Mayors put to the test. Dutch mayors in local security networks
The ever growing trend of securitizing local issues has fostered an expansion of Dutch mayor’s formal positions, as well as new actions and roles in daily governance.
Cities appear to be the main stages of contemporary security issues such as youngsters radicalizing in deprived neighborhoods, violent protests against refugees and mobile banditism. These unwanted phenomena present themselves in urban areas in the most direct way possible putting local administrators and politicians to the test. We have witnessed the mayor of Rotterdam (the Netherlands) being praised for communicating his personal stance on integration and fighting IS after both Paris Attacks in 2015 as well as the mayor of Cologne (Germany) being heavily criticized after advising women to keep men at arm's length after range of sexual attacks during new year’s eve.
A new book places such examples in historical perspective by combining research findings of national and local studies on the way in which Dutch mayors have tackled ‘new’ security threats between the years 1990 and 2010. In the Netherlands mayors have been responsible for ensuring local safety and order since the introduction of the first Local Government Act in 1851. Therefore, when a new security threat arises all eyes generally turn to them. And these threats sure did arise. The book demonstrates how many unwanted phenomena, ranging from litter on the streets to organised crime, have been defined as new and local security threats. As a result, the mayor’s traditional responsibility for local order now extends to a much wider variety of security issues including rioting, soccer games, radicalization, soft drugs, domestic violence and organized crime. The main argument of the book is that this ever growing trend of securitizing local issues has fostered an expansion of the mayor’s formal position, as well as new actions and roles in daily governance.
Over the last 20 years national government has introduced multiple formal powers for Dutch mayors to address new security issues. Examples include ordering preventive body searches for weapons, issuing temporary home restrictions in case of domestic violence, and mandating area restrictions because of the high risk of severe nuisance in public spaces. This expansion can be characterized as the largest shift in the mayor’s formal position in the past decades. Not all sections of Dutch society are happy with these developments. Many stakeholders claimed the mayor’s traditional role of shepherd would be overshadowed by his or her new role of local sheriff when these new and far reaching powers were implemented.

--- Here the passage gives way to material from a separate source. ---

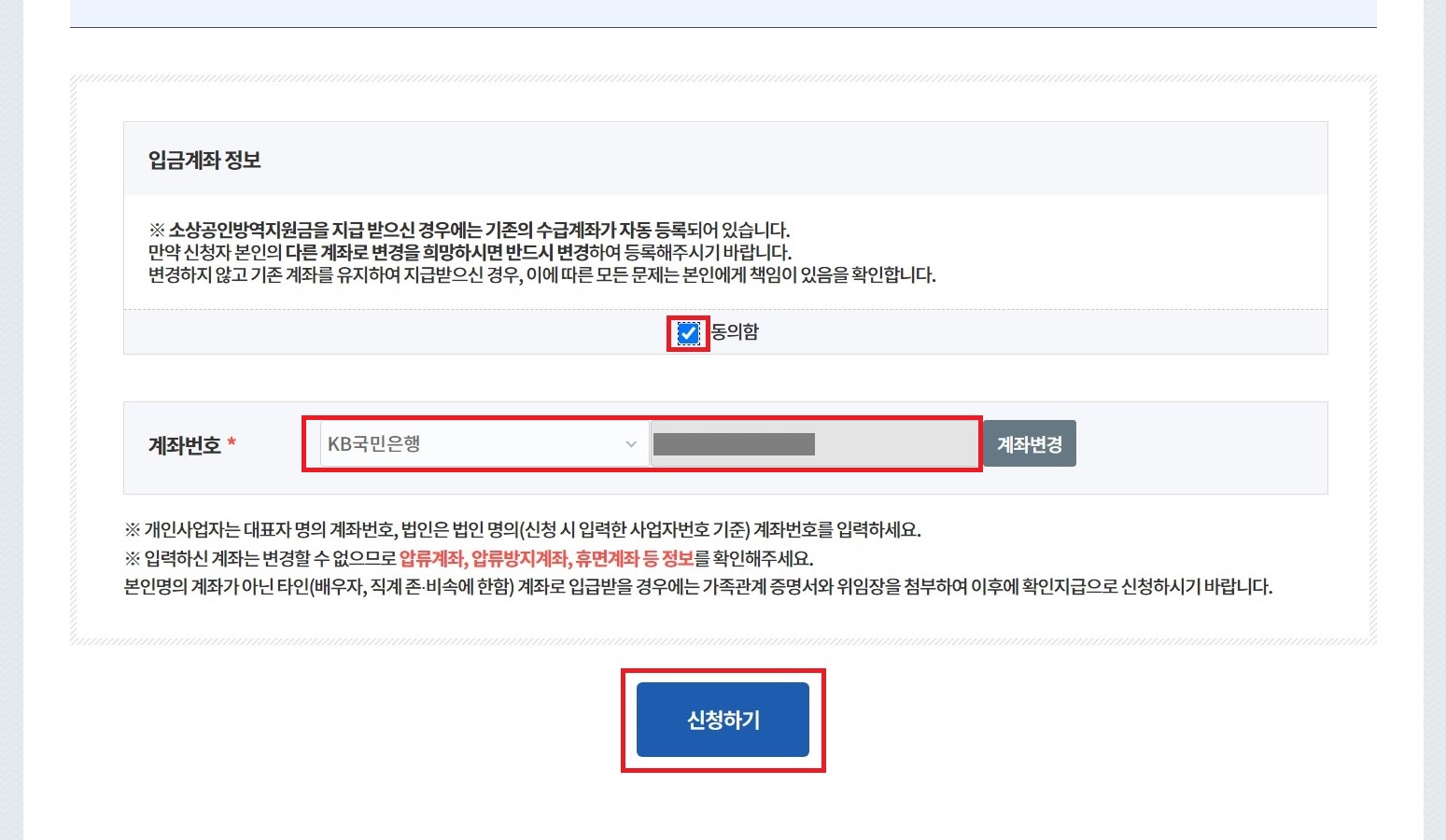 지급될 계좌를 확인합니다. 입력되어 있는 또는 새로 변경해야 할 계좌를 확인 및 변경하시면 됩니다.

The book describes in depth case studies demonstrating that Dutch mayors did not become local sheriffs firing big guns at everything they do not like. Instead, mayors took on a leadership style that is best described as ‘super networker’ deploying a facilitative leadership style which is strongly focused on bringing it all together in terms of actors, resources and goals. Mayors manifested themselves as powerful and dependent players while tackling new security issues: powerful given their formal and exclusive powers; dependent because, in practice, these powers are counterbalanced by new dependencies between mayors and their many public and private partners united in local security networks (social workers, police, private security companies, housing corporations). The book concludes with a translation of research findings into multiple implications for the practice of local governance in general and for mayors in particular. These range from selecting a suitable leadership style to ways of framing contemporary security issues and making use of national powers in local societies.